Directions for this task » Exact copies of the lines from the one with "K&F Concept 20" through the last line of the entries, and no pictures, make up the answer.
■ ■ ■ ■ ■
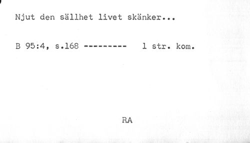 //// Njut den sällhet livet skänker... B 95:4* s.168-----—— 1 str. kom. //// RA ////
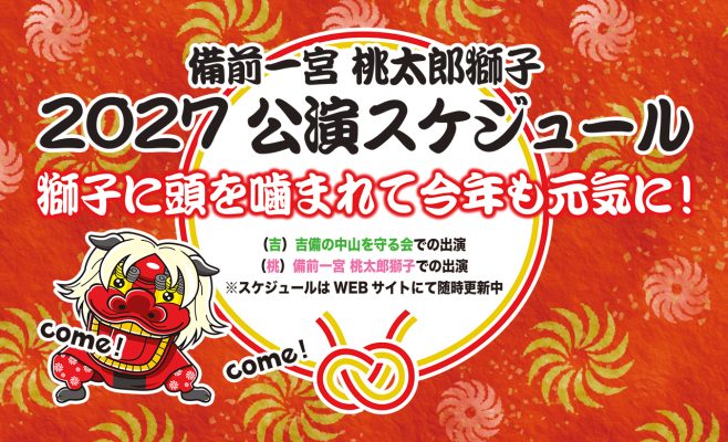 2025年11月30日 / 最終更新日 : 2025年12月4日 info@momotaro-shishi.com 活動履歴 2027 公演スケジュール 【吉】吉備の中山を守る会での出演 【桃】備前一宮 桃太郎獅子での出演 2027年 【吉】01/01(金祝) (岡山市)- ※吉備の中山を守る会で出演 【吉】01/02(土) (岡山市)- ※吉備の中山を守る会で出演 【桃 […]
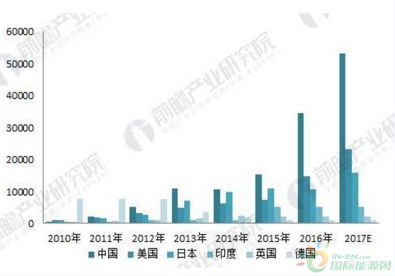 圖表2:2010-2017年全球光伏產(chǎn)業(yè)代表性國家光伏新增裝機容量(單位:MW)
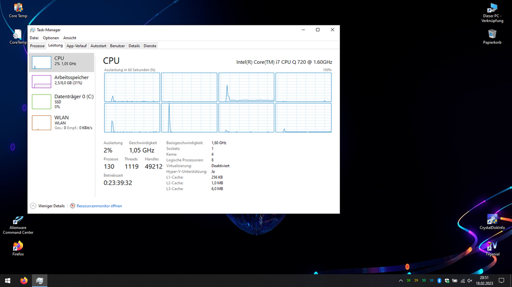 CPU ist ein Intel Core i7 Q720 1,60 GHz, GK ist eine Nvidia GeForce GTX 260M so, schreib jetzt auf dem M15 weiter, vorher PC, ich lasse gerne führerstandsfahrten bei YT mitlaufen, da kann man u.a. testen, was eine kiste kann. laufen jetzt auf dem M15 seit drei stunden, und die tempereatur ist top. bin also rundherum zufrieden.😀 komisch, wie kommt ein teil meines gestrigen post hier rein? -
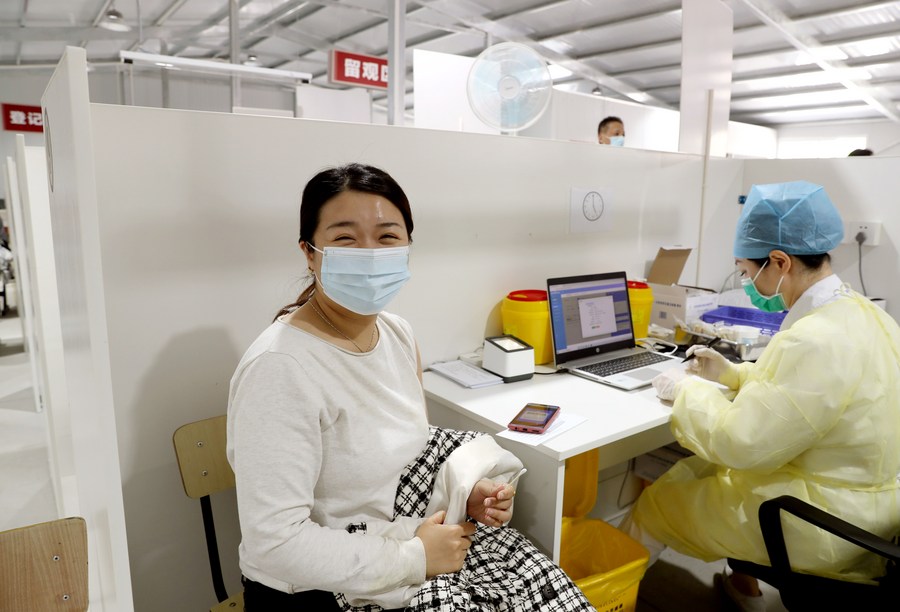 A Taiwan compatriot receives a dose of COVID-19 vaccine at Shanghai Guanghua Hospital of Integrated Traditional Chinese and Western Medicine in east China's Shanghai, April 19, 2021. (Xinhua/Liu Ying)
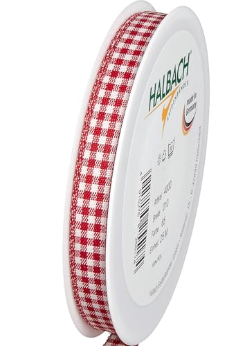 Halbach sidenband premium Vichy Karo presentband (röd) | Bredd 10 mm längd 25 m | rutband tillverkat i Tyskland | rutat band i många färger
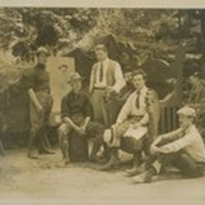 The Sire and his assistants. From left to right. Haig Patigian, Camp Cartoonist; Ed. J. Duffey, Master of Lights; Frank Mathieu, Stage Director; Herman Scheffauer, Sire; Geo. Lyon, Master of Properties. Bohemian Grove. [Photograph by Gabriel Moulin. ]
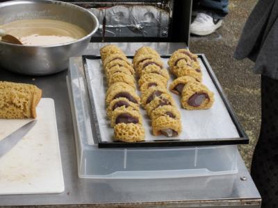ふんわりのワッフル生地で餡とお餅をくるんだ「ふくさ餅」を作りながら試食させてくれていました。どら焼きとは全く違う柔らかさでおいしかったです。
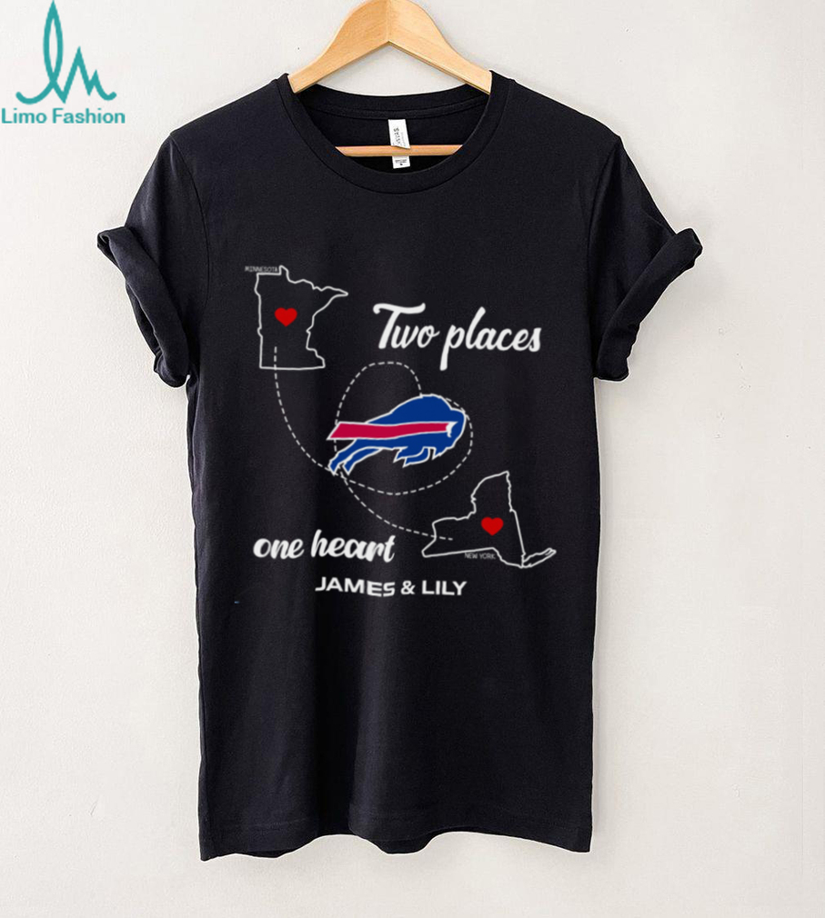 To keep your “Two Places, One Heart Buffalo Bills shirt” looking great, wash it inside out with cold water on a gentle cycle. Tumble dry low or air dry. Avoid ironing directly on the design.
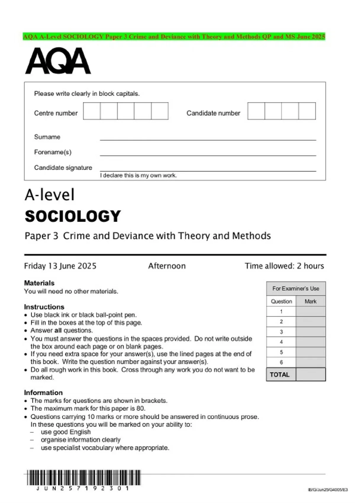 AQA A-Level SOCIOLOGY Paper 3 Crime and Deviance with Theory and Methods QP and MS June 2025
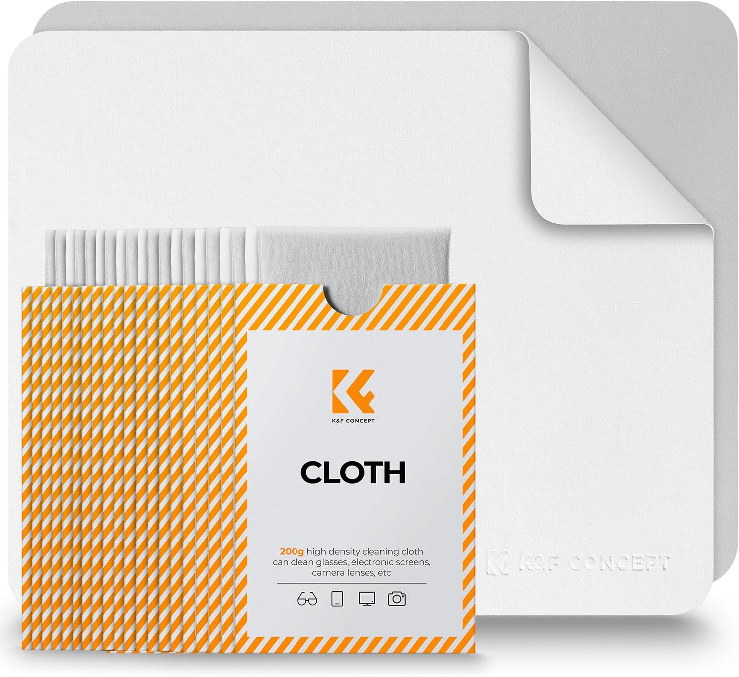 K&F Concept 20 Pack Lens Cleaning Cloth | Microfiber Cleaning Cloth | Camera Lens Cleaner | Camera Lens, Glasses, VR/AR Headset, and Screen Cleaning | White & Grey
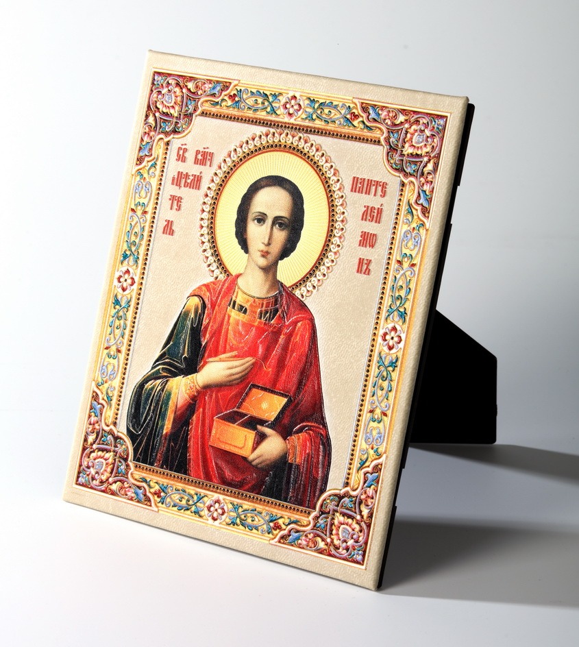 Иконы настольные на подставке изготовлены с использованием техники объёмной печати на коже. Для производства икон применяются только высококачественные материалы, яркие, насыщенные краски. Используется современное оборудование – УФ плоттер Mimaki. По Вашему заказу мы можем напечатать любой лик.
■ ■ ■ ■ ■
Response to the task »
 K&F Concept 20 Pack Lens Cleaning Cloth | Microfiber Cleaning Cloth | Camera Lens Cleaner | Camera Lens, Glasses, VR/AR Headset, and Screen Cleaning | White & Grey
 Иконы настольные на подставке изготовлены с использованием техники объёмной печати на коже. Для производства икон применяются только высококачественные материалы, яркие, насыщенные краски. Используется современное оборудование – УФ плоттер Mimaki. По Вашему заказу мы можем напечатать любой лик.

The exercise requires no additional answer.